Major US publishers have sued OpenAI and Microsoft. They accuse the companies of using their texts illegally to train AI language models. These include models like ChatGPT and Copilot. The publishers are now demanding money for their journalistic work.
This lawsuit is a battle for the future of content. If AI companies use content without payment, journalists and publishers lose their income. For you, this means the quality and diversity of news could suffer. It's about whether human work still has value in the digital world.
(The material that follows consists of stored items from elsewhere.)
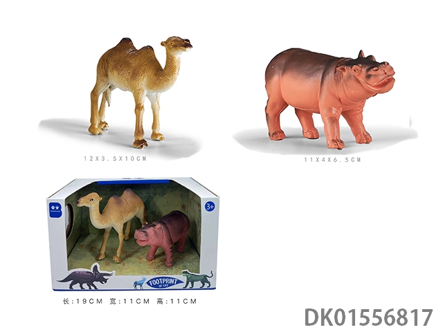 2只6寸彩绘软料PVC野生动物(河马 骆驼)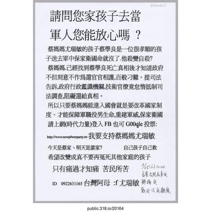 「請問您家孩子去當軍人您能放心嗎?」傳單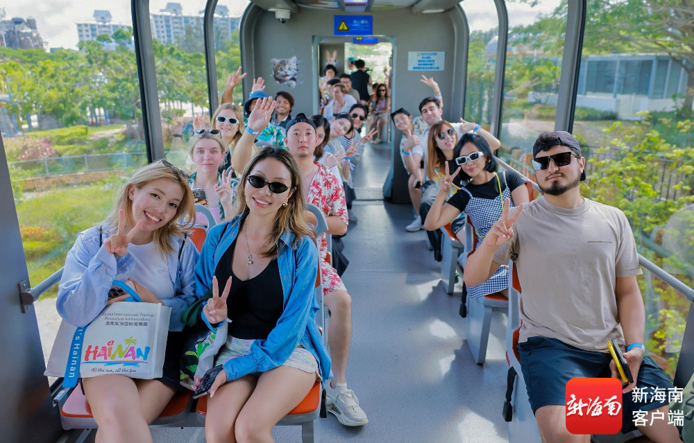 海南旅游国际推荐官在海南热带海洋欢乐世界乘坐小火车。记者 李昊 摄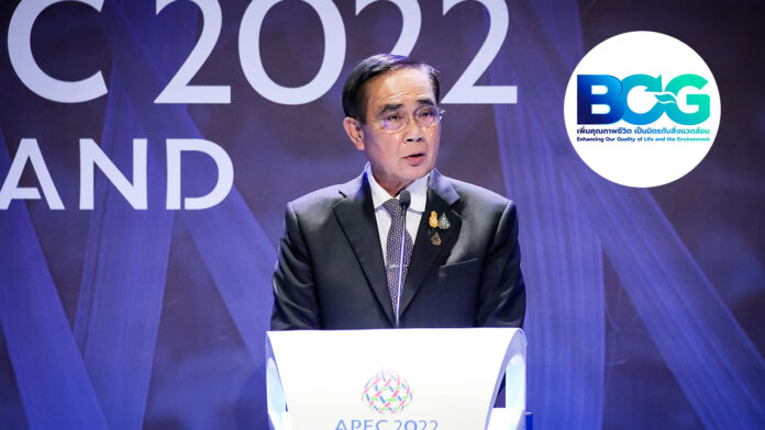 นายอนุชา บูรพชัยศรี รองเลขาธิการนายกรัฐมนตรีฝ่ายการเมือง ปฏิบัติหน้าที่ โฆษกประจำสำนักนายกรัฐมนตรี เปิดเผยว่า พลเอก ประยุทธ์ จันทร์โอชา นายกรัฐมนตรีและรัฐมนตรีว่าการกระทรวงกลาโหม ยินดีเป็นอย่างยิ่งที่ผู้นำเอเปคจากทุกเขตเศรษฐกิจได้ร่วมรับรอง ปฏิญญาผู้นำเขตเศรษฐกิจเอเปค ค.ศ. 2022 รวมทั้งได้ร่วมรับรอง “เป้าหมายกรุงเทพฯ ว่าด้วยเศรษฐกิจ BCG” หรือ “Bangkok goals on BCG Economy” ซึ่งทั้งในช่วงระหว่างการประชุมฯ และระหว่างการหารือแบบทวิภาคี ผู้นำเอเปคฯ ได้กล่าวชื่นชมความริเริ่มที่ประเทศไทยได้นำเสนอแนวคิดโมเดลเศรษฐกิจ BCG ในการประชุมฯ ครั้งนี้ และเชื่อมั่นว่าโมเดลเศรษฐกิจ BCG จะสร้างการเติบโตของประเทศ และตอบโจทย์เป้าหมายการพัฒนาที่ยั่งยืนของโลกได้อีกด้วย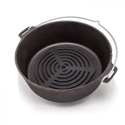 Mit dem Gussrost Einsatz können Sie innerhalb des Feuertopfes dank der sehr guten Hitzeverteilung dünsten, garen und backen. Der Einsatz steht auf drei kleinen Füßen, sodass das Gericht keinen direkten Kontakt mit dem Boden hat und schonend zubereitet werden kann.
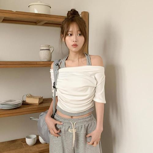 TEMU 봄/여름 한국 스타일 불규칙 허리 주름 오프숄더 슬림 반팔 탑
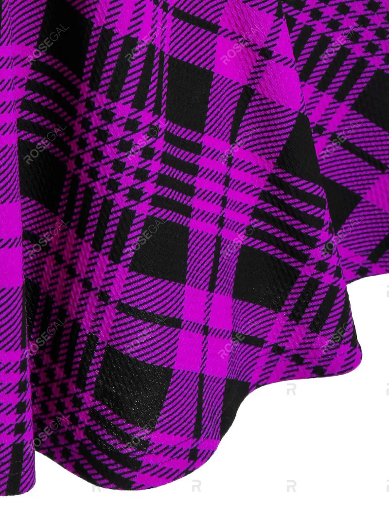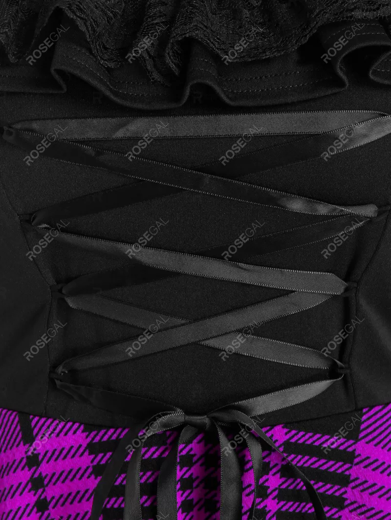 Plaid Print Lace-up Cat Ear Sleeveless Dress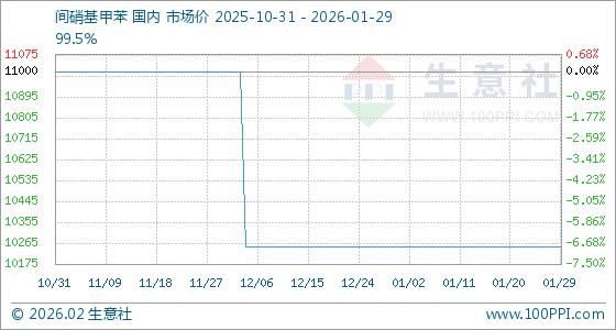 1月29日,生意社间硝基甲苯基准价为10250.00元/吨,与本月初持平。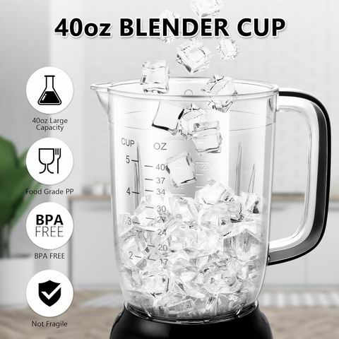 采用 700W 强劲电机四片不锈钢刀片三档速度轻松应对碎冰打果泥冷冻水果等多种需求。40 盎司(约 1.2 升)大容量搅拌杯适合家庭聚会制作冰沙与奶昔,带量杯设计便于添加食材不弄脏台面。支持自动清洁功能,只需加水加洗洁精即可一键清洗。底部防滑垫确保运行稳定低噪,内置安全锁防误触更安心,是健康饮品与日常料理的理想之选。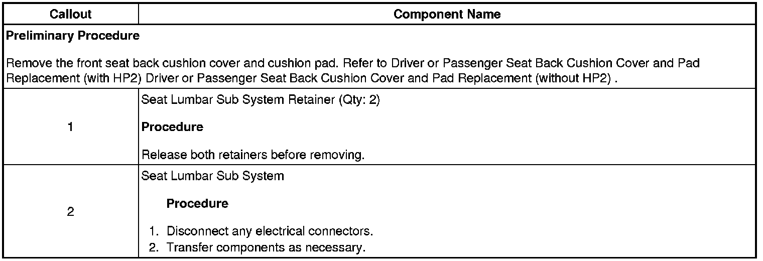 Seat Lumbar Sub System Replacement
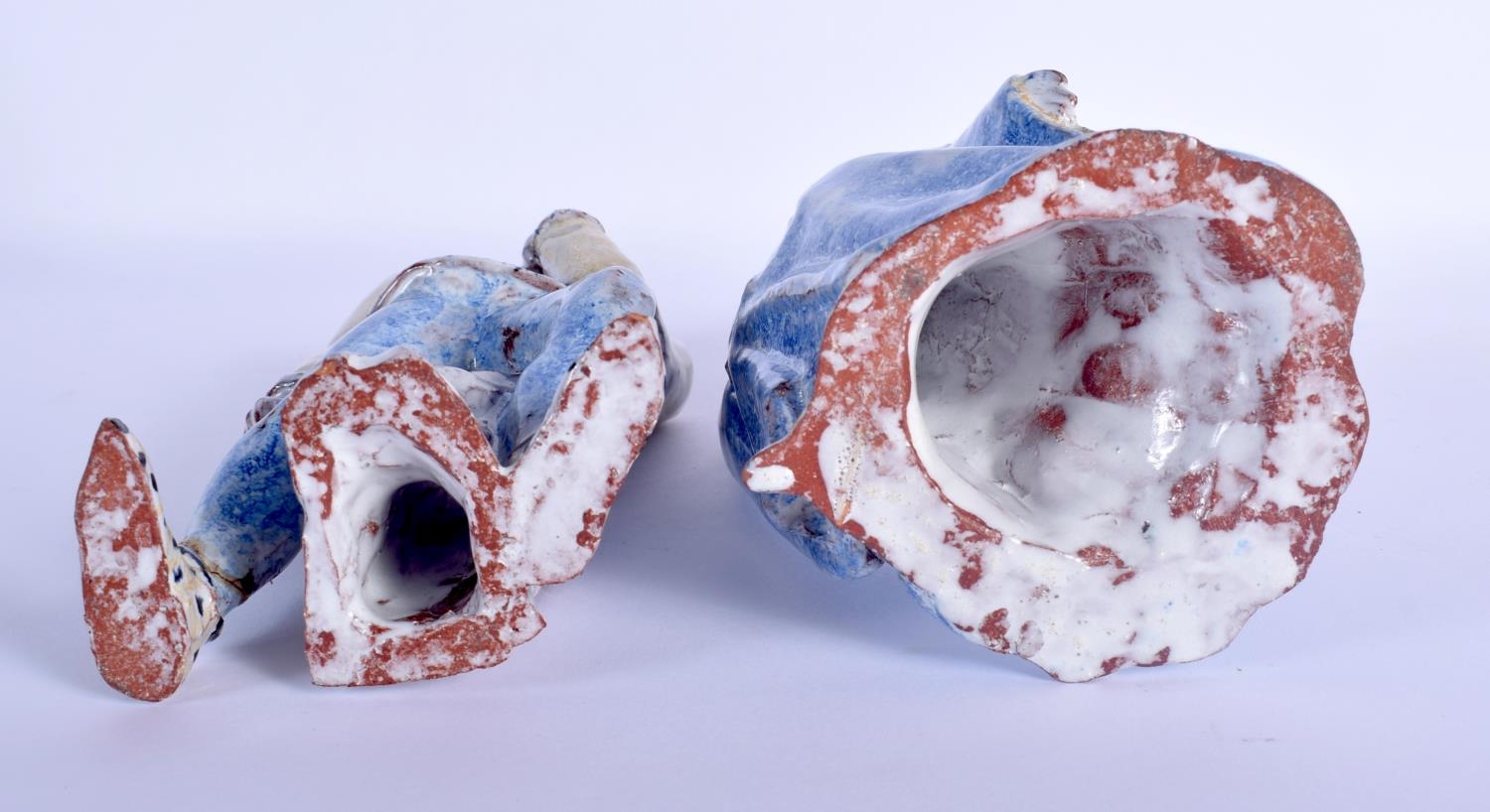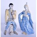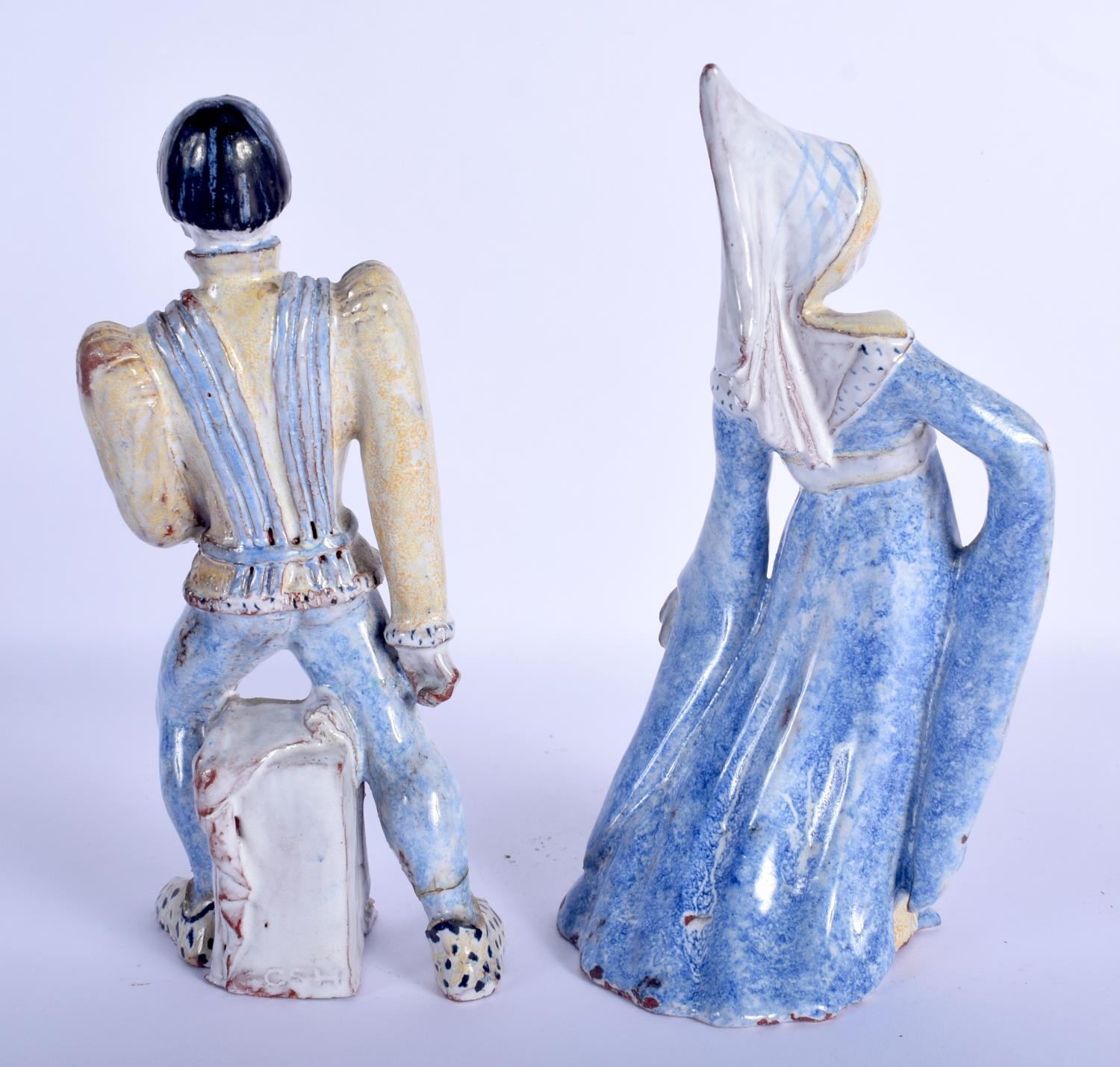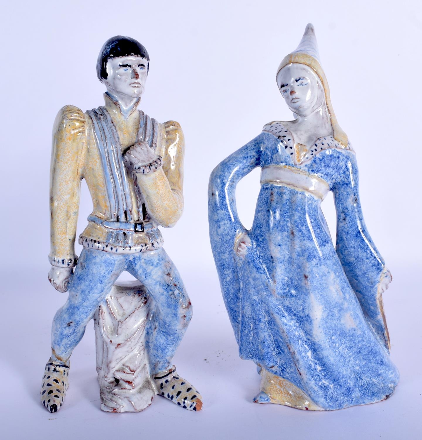 A PAIR OF CONTINENTAL FAIENCE GLAZED POTTERY FIGURES modelled as theatrical characters. 22 cm high.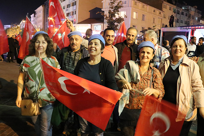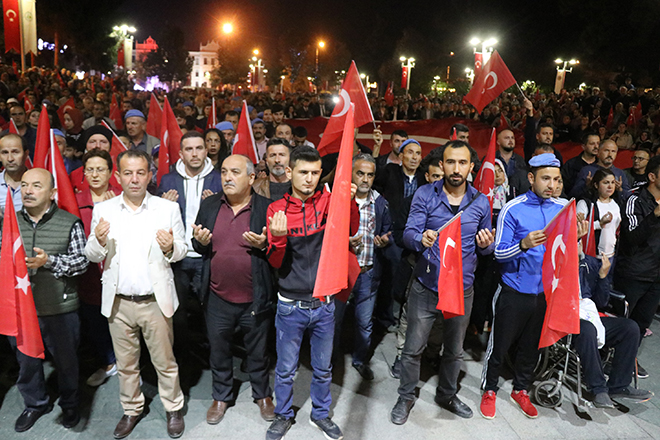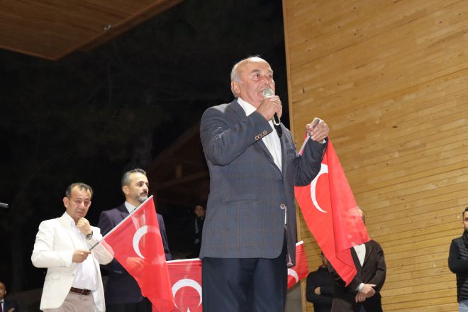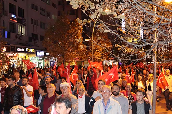 Ak Parti İl Başkanı Nurettin Doğanay binlerce kişiye hitap ederek; “Bazen siyasetin gereği olarak birbirimizi eleştirdiğimiz zamanlar olabiliyor ama Türk milletinin, bu necip milletin 1923’te Gazi Mustafa Kemal Atatürk’ün öncülüğünde ve önderliğinde nasıl yedi düvele karşı dik durduysak, bugün de söz konusu vatansa, sınırımız güvenliği ise PKK, PYD, YPG ve DAEŞ’in hedefi Türkiye’yi parçalamaksa, tüm Avrupa ülkelerinin iş birliği yaparak bize karşı geldilerse Türk milleti doğru yoldadır, doğru istikamettedir. Bizler başta başkomutanımız ile birlikte, askerimizin, polisimizin her daim yanında olacağız. Bugünlerde siyasi çekişmelerden uzak milletimizin birliği ve beraberliği böyle olacağız. Topu üzerimize gelse bizler 1923’teki o ruhla nasıl yedi düvele karşı durduysak bundan sonra da durmaya devam edeceğiz. Ne mutlu Türk’üm diyene!” ifadelerini kullandı.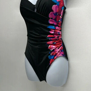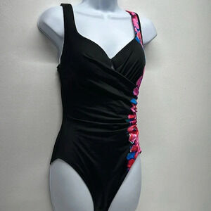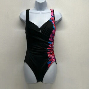 Miraclesuit One Piece Swim Bathing Suit Floral Print Blue Pink Black Size Small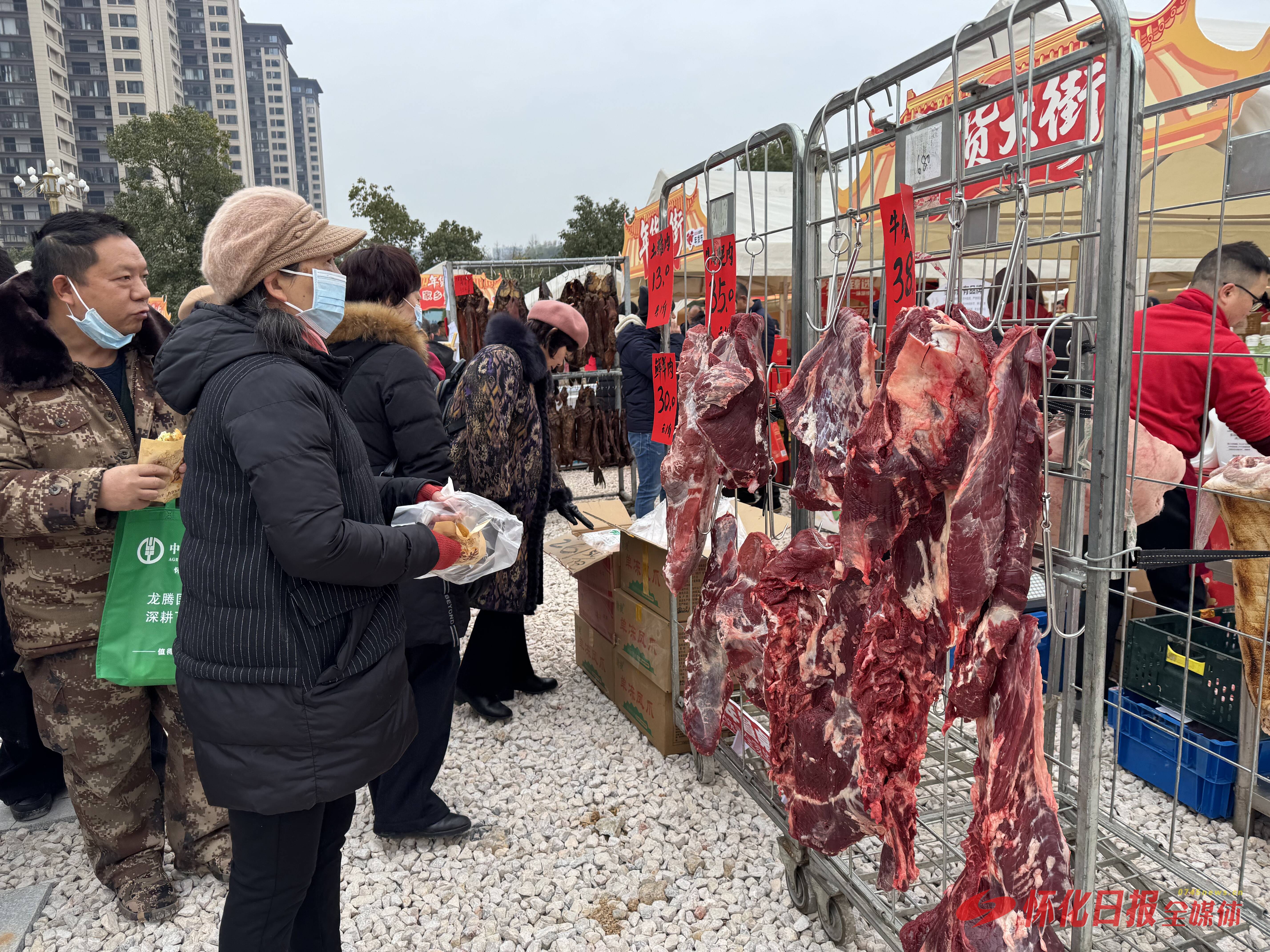 活动设置了怀商特色年货区、民生年货惠民区、东盟水果开柜区、住房展示等多个展区,从腊味干货、粮油副食到春联花卉、非遗特产,再到东盟直采鲜果,各类年节商品一应俱全,满足了市民“一站式”采购需求。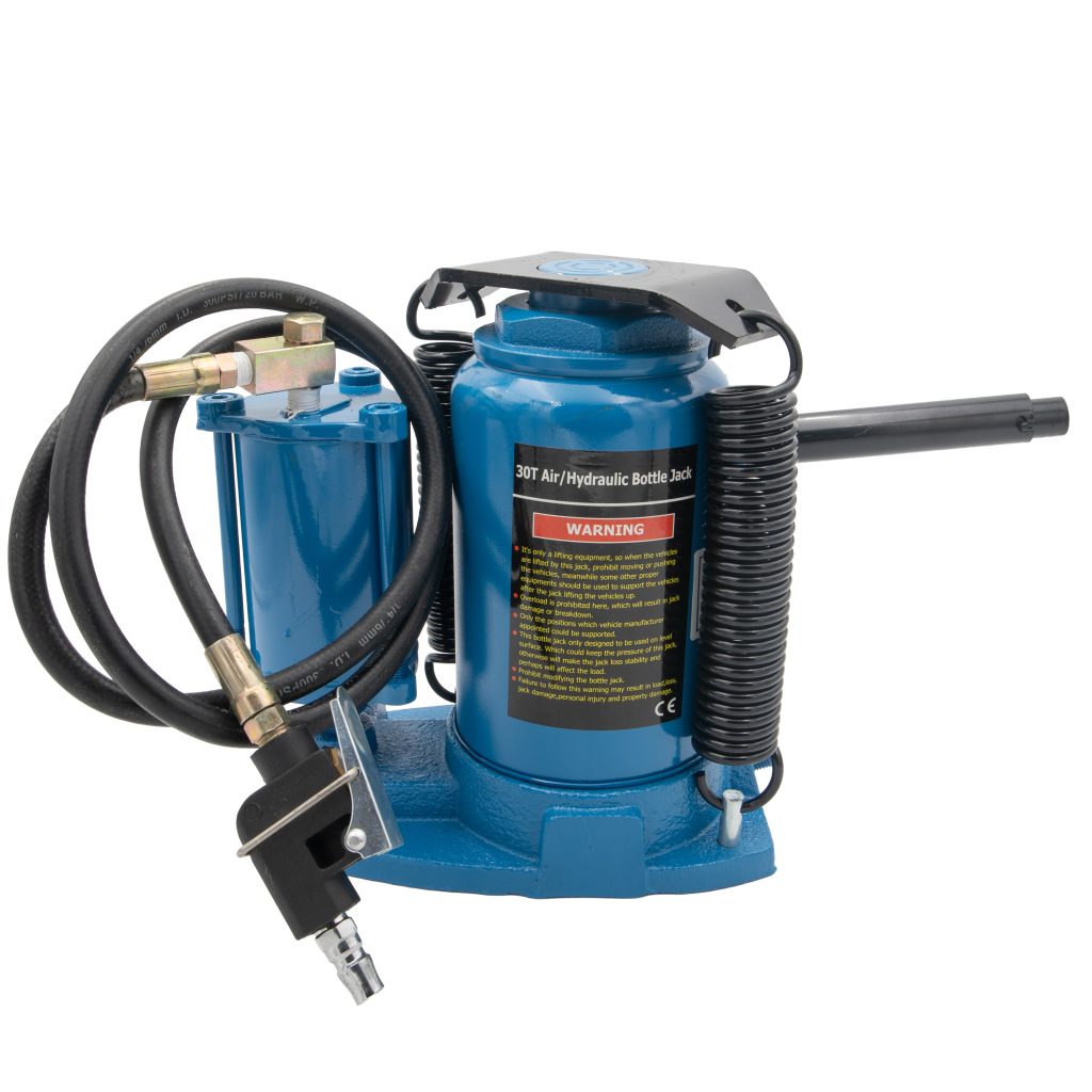Този 30-тонен въздушно-хидравличен бутилков крик е създаден за взискателни задачи по повдигане, свързани с тежкотоварни превозни средства и индустриални машини. Благодарение на въздушно подпомагания хидравличен механизъм, той осигурява мощно повдигане с минимални физически усилия, докато включената ръчна помпа гарантира пълен контрол, когато няма наличен сгъстен въздух.

Publishers representing nearly 400 US newspapers have sued OpenAI and Microsoft. The companies allegedly used texts from these newspapers without permission. This was done to train their large language models like ChatGPT and Copilot. Publishers normally earn money through subscriptions and licenses. The lawsuit now seeks damages for copyright infringement.
For you, as a user of ChatGPT or Copilot, the origin of your information becomes more important. If AI models are trained with protected content without permission, questions of fairness and legality arise. It also shows how much the quality of AI answers depends on the training data. You should ask yourself how transparent these training processes are.
Companies using AI tools like ChatGPT or Copilot face increasing legal risk. If the training data for AI models was used without a license, products could lead to lawsuits. For companies, this means: carefully check which AI tools you use. Pay attention to how they were trained to avoid costly legal problems. Data origin is also crucial for compliance.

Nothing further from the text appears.